[FYI] MouseHole and Charon from Stefano Mazzocchi on 2005-09-06 (stdin)

From: Stefano Mazzocchi <stefanom_at_mit.edu>
Date: Tue, 06 Sep 2005 13:24:16 -0400

(kudos to Erik to point me to MouseHole)

http://tinyurl.com/cxpc9

A while ago we thought on how to enable piggybank to those who don't
have firefox. We thought about decoupling the frontend (the part that
resides in the browser and does the scraping) from the backend (the part
that is in java and serves, browses and stores the RDF).

MouseHole is very similar to what I implemented in Charon a few months ago

   http://simile.mit.edu/charon/

and didn't advertise on the front page because we hit a few walls (see
below) and we decided to invest more in PiggyBank. Charon is an scraping
proxy written on cocoon in a few hours of hacking.... the problem with
scraping proxies/gateways (and MouseHole is another one) is that they
work on HTTP only, HTTPS considers them a 'man in the middle attack'.

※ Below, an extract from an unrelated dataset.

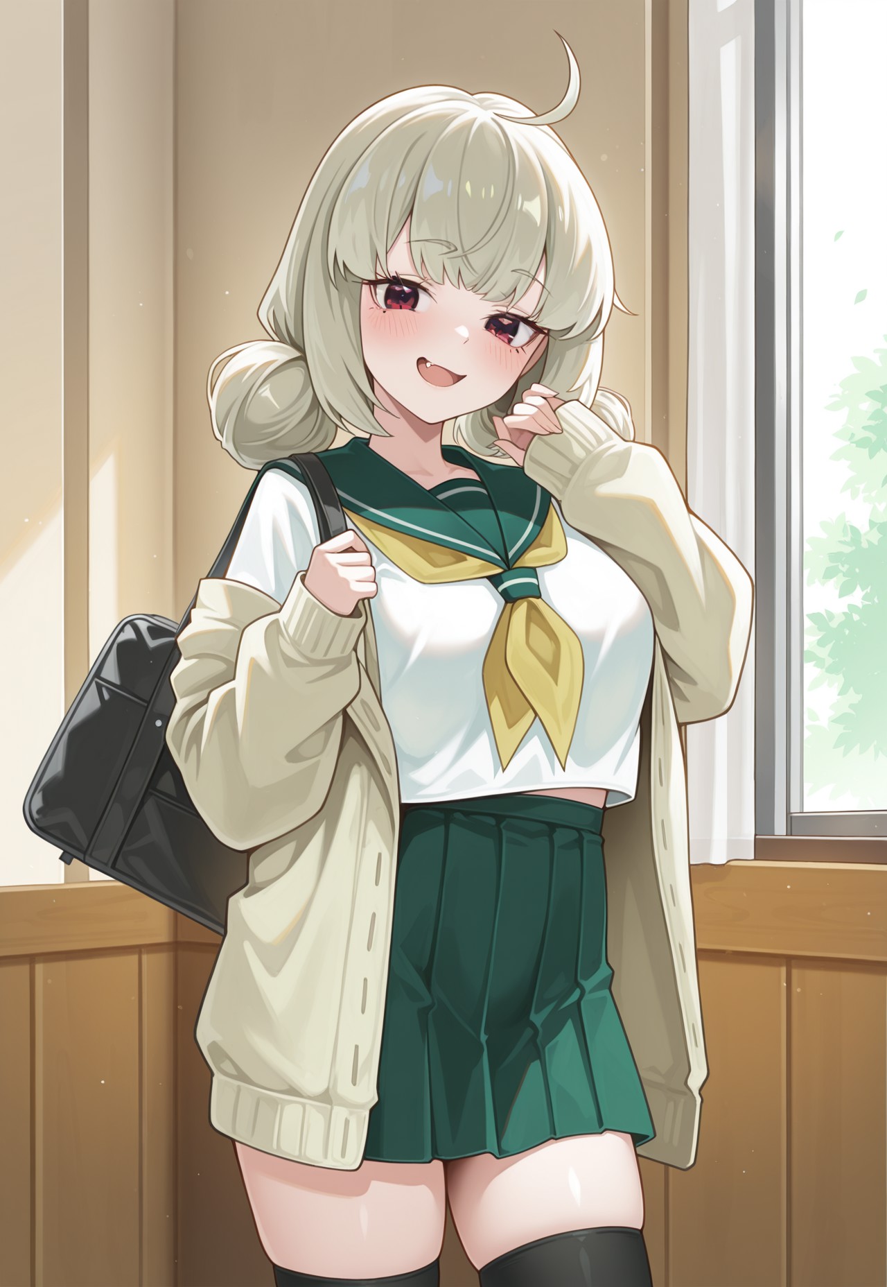 green sailor collar, school uniform, sweater, green skirt, black legwear, red slippers,

This was the reason why we stopped working on that approach and moved
upstream directly after the page dom has been loaded, after the data has
exited the crypto tunnel.

the reason for this is that Dspace_at_MIT is behind SSL, MIT does
everything thru kerberos and digital certificates, including deciding
whether or not you have enough rights to access the data contained in
dspace (or MIT has enough rights to let you see that data, which is
similar but not the same). Allowing our users to rdfize data coming from
secure connections is critical for us: if we can't do that, it's too
easy for the other end to protect against scraping by simply switching
over to SSL.

Transparent proxy/gateways approaches have the advantage of being fully
and transparently cross-browser, to be able to continue to run (this
avoid the feeling of your browser being slower) but have a few major
drawbacks:

   1) they don't and won't work on HTTPs

   2) they can easily become a bottleneck

   3) as for #2, they can easily be blocked on the other end

#2 and #3 are preventable when you install the proxy on every machine
and you avoid having a centralized instance. #1 could be solved if every
https connection is an http connection to the proxy which then encrypts
from that point on... but it creates *all sorts* of issues with the fact
that secure pages are perceived as not secure anymore and also digital
certificate administration.

it would also become a honeypot for hackers to attack: phishing paradise
if you can get your code to execute into that proxy.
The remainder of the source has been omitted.